* **Task requirements**:
Dropping every picture, set down exactly the lines in the entries below, starting with the line with "8424 Farley St." and going on through the line with "I think it damaged".

== Supplied material

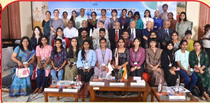
Speakers and Students - 7th May 2022
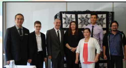
FPDI Cogmation Robotics Instructors 2015

Funding provided by Employment and Social Development Canada, Aboriginal Skills and Employment Training Strategy
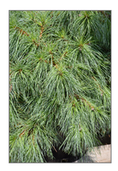
Niagara Falls Eastern White Pine foliage

8424 Farley St. Overland Park, KS 66212 913.642.6503
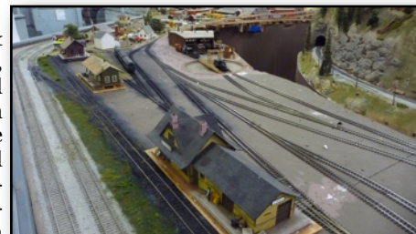
On3 Eureka yard with interchange tracks to SFW.

On the Eureka & Empire On3 layout, the lower Eureka yard was raised to match the standard gauge track levels. Yard trackage and a turntable with roundhouse have been installed. There are also two industries from the SFW Pt. Richmond passenger yard leads.
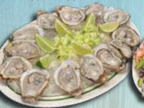
Ostiones en su Concha * (6) 12 99 (12) 23 50 Raw oysters
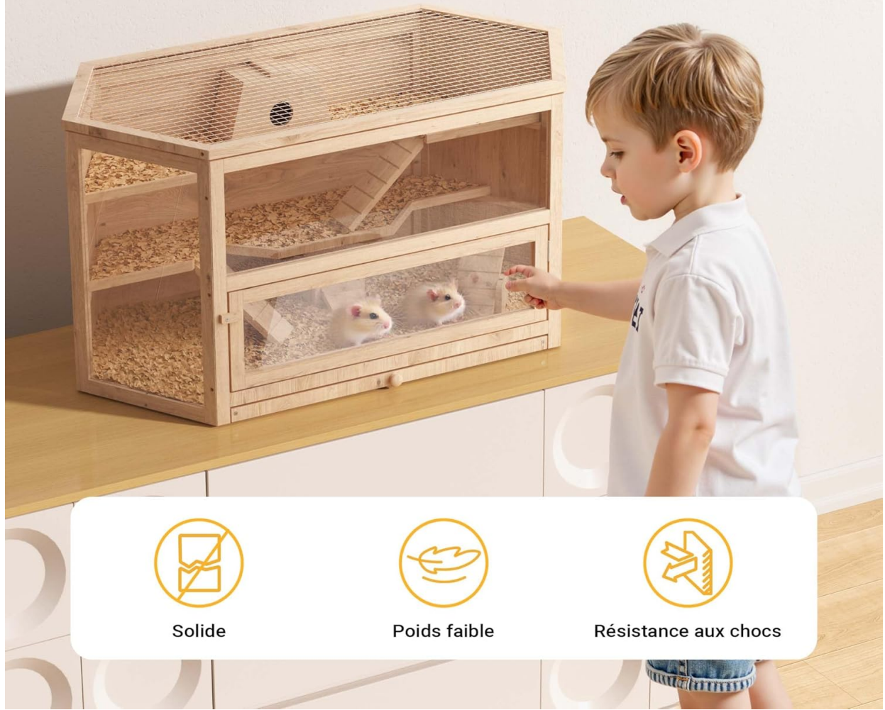
Figure 5.2: Observation Window. The large acrylic windows allow for comfortable and continuous monitoring of your pets without disturbing their environment.
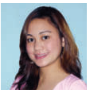
In-Camera Red-Eye Fix<sup>™</sup>

This in-camera feature automatically fixes most occurrences of red-eye. You may never see red-eye again.
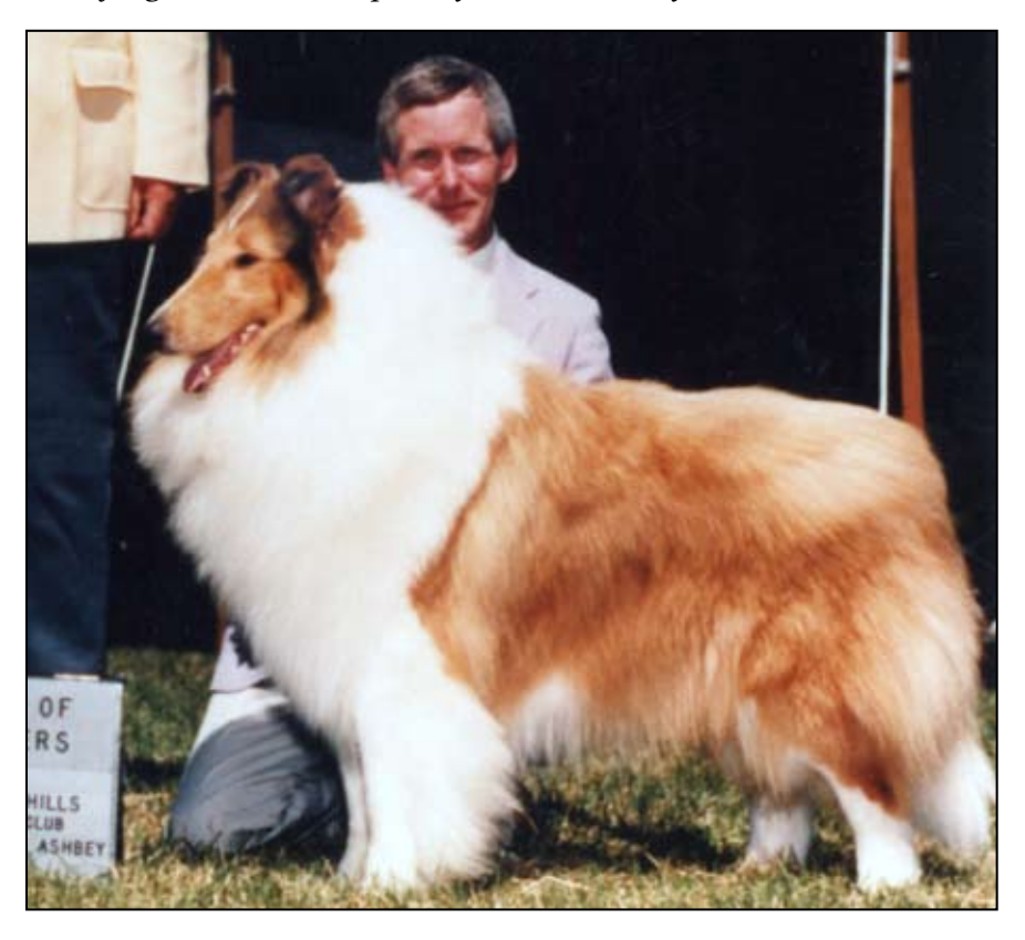
Ch. Perry's Sundather Tradition, ROM

Respondents who have judged the national specialty are indicated by asterisk.
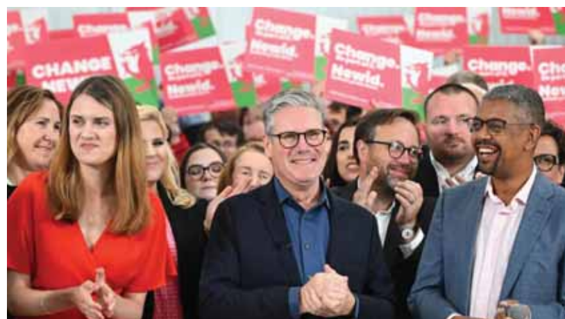
Labour Leader Sir Keir Starmer.

I think it damaged her. But the very thing that people are saying- that her getting third place instead of first place is a defeat, is already a testament to her success, because that would have been unthinkable a couple of years ago.
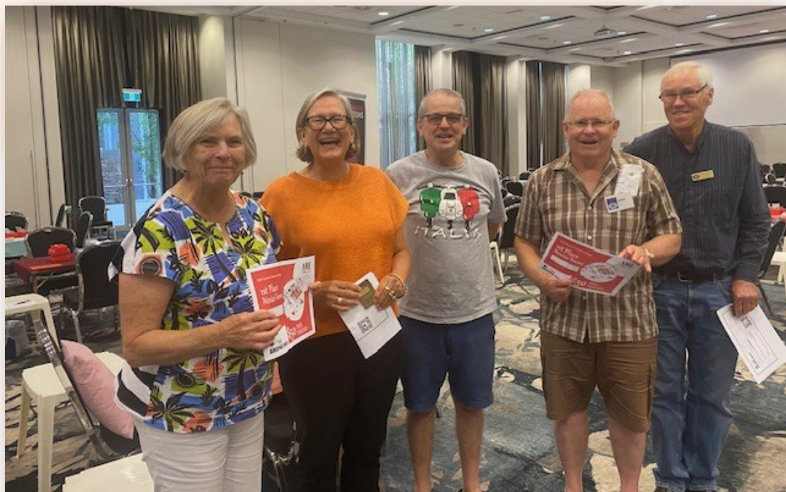
KLOREN, 1st The Bridge Shop One Day Novice Teams
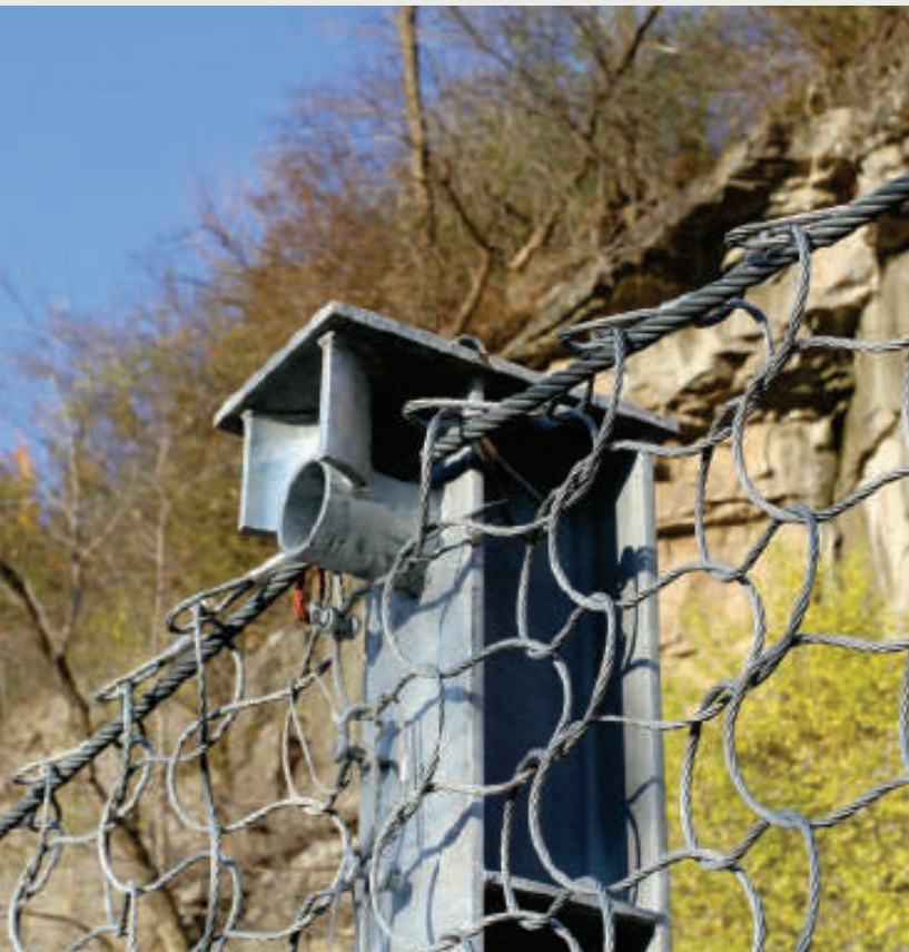
The rope guidances on the posts and base plates are integrated and designed to be robust, giving the ropes smooth surfaces to glide over during an impact to help minimize fatigue. There is no assembling required.

====

* **Completed exercise**:
8424 Farley St. Overland Park, KS 66212 913.642.6503
On3 Eureka yard with interchange tracks to SFW.

On the Eureka & Empire On3 layout, the lower Eureka yard was raised to match the standard gauge track levels. Yard trackage and a turntable with roundhouse have been installed. There are also two industries from the SFW Pt. Richmond passenger yard leads.
Ostiones en su Concha * (6) 12 99 (12) 23 50 Raw oysters
Figure 5.2: Observation Window. The large acrylic windows allow for comfortable and continuous monitoring of your pets without disturbing their environment.
In-Camera Red-Eye Fix<sup>™</sup>

This in-camera feature automatically fixes most occurrences of red-eye. You may never see red-eye again.
Ch. Perry's Sundather Tradition, ROM

Respondents who have judged the national specialty are indicated by asterisk.
Labour Leader Sir Keir Starmer.

I think it damaged her. But the very thing that people are saying- that her getting third place instead of first place is a defeat, is already a testament to her success, because that would have been unthinkable a couple of years ago.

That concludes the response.